_Given data:_
===

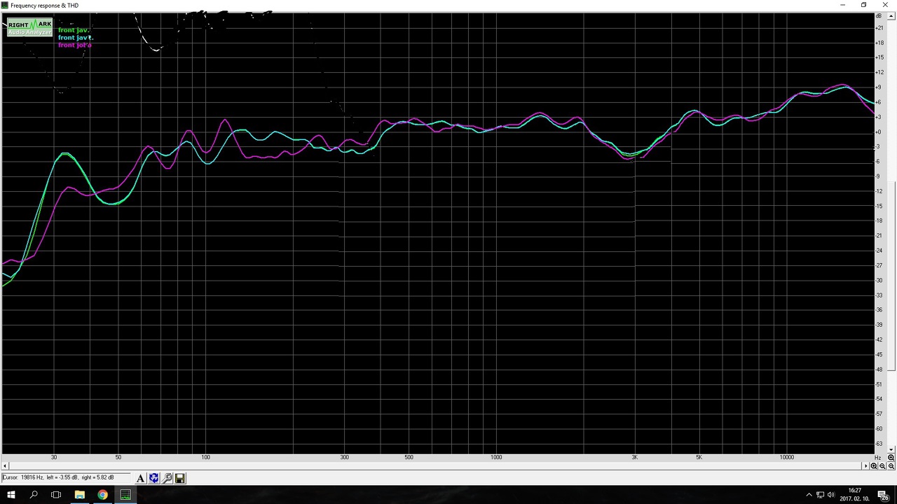 Spexcel oldalán olvasható mérés bemutató után én is próbálkozom valamilyen méréseket elkövetni, az ott leírtakat alkalmazni. Rubicon rp 26 házimozi hangfal szettemen. A pontosságról vannak kétségeim, de a cél inkább a nagy disznóságok kiszedése a hangképből ha lehet. Hallgatva is feltűnt, hogy a mély nem túl acélos benne, de ez nem gond, mert aktív subra van bízva annak a megszólaltatása. A magas viszont mindig soknak éreztem ezt a mérés mutatja is, ami viszont drasztikusabb az 3khz-en az a beszakadás. Magasak azonos polaritással vannak bekötve. Ezen lehet változtatni? Esetleg fordított polaritással? Magas előtt 2 rendű mély előtt első rendű szűrés. De ezekkel még nem annyira vészesek. A center és a hátterek annál inkább, fülre is furcsán szólnak. A magas előtt kb 5-6 ohmos ellenállás és 2.2µF kondi. Ezekkel kellene főleg kezdeni valamit.
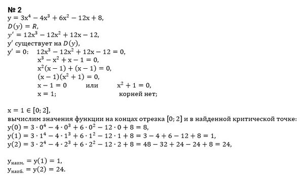 2. y = 3x^4 - 4x^3 + 6x^2 - 12x + 8 На отрезке [0; 2]
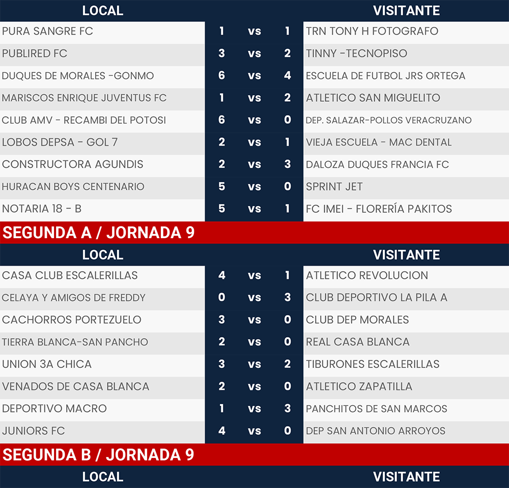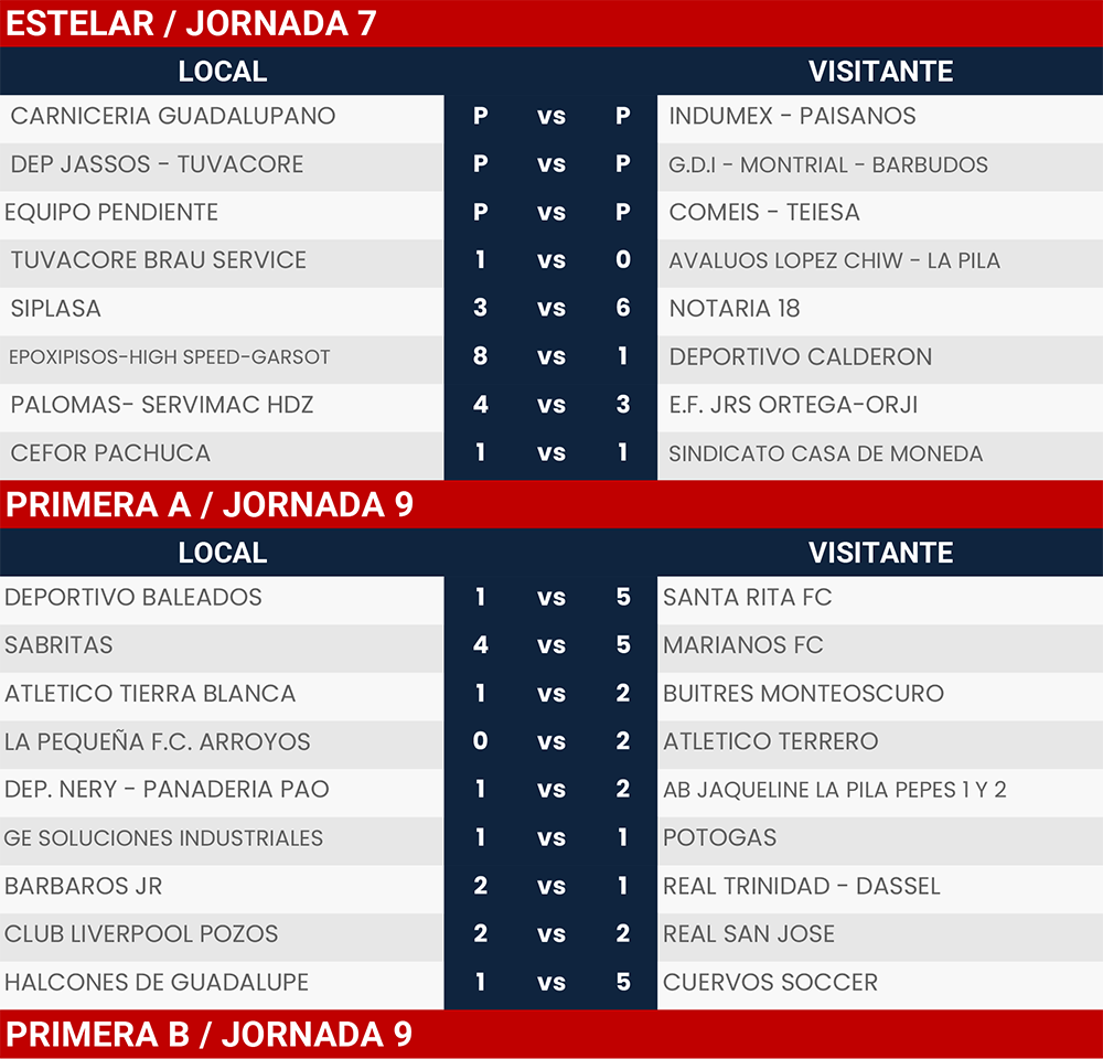 Resultados Jornada 7 y 9, Liga Tangamanga C2023

===

_Brief:_ Please write out all the data again word for word, but not the pictures.

_Output for this task:_
 Spexcel oldalán olvasható mérés bemutató után én is próbálkozom valamilyen méréseket elkövetni, az ott leírtakat alkalmazni. Rubicon rp 26 házimozi hangfal szettemen. A pontosságról vannak kétségeim, de a cél inkább a nagy disznóságok kiszedése a hangképből ha lehet. Hallgatva is feltűnt, hogy a mély nem túl acélos benne, de ez nem gond, mert aktív subra van bízva annak a megszólaltatása. A magas viszont mindig soknak éreztem ezt a mérés mutatja is, ami viszont drasztikusabb az 3khz-en az a beszakadás. Magasak azonos polaritással vannak bekötve. Ezen lehet változtatni? Esetleg fordított polaritással? Magas előtt 2 rendű mély előtt első rendű szűrés. De ezekkel még nem annyira vészesek. A center és a hátterek annál inkább, fülre is furcsán szólnak. A magas előtt kb 5-6 ohmos ellenállás és 2.2µF kondi. Ezekkel kellene főleg kezdeni valamit.
 2. y = 3x^4 - 4x^3 + 6x^2 - 12x + 8 На отрезке [0; 2]
 Resultados Jornada 7 y 9, Liga Tangamanga C2023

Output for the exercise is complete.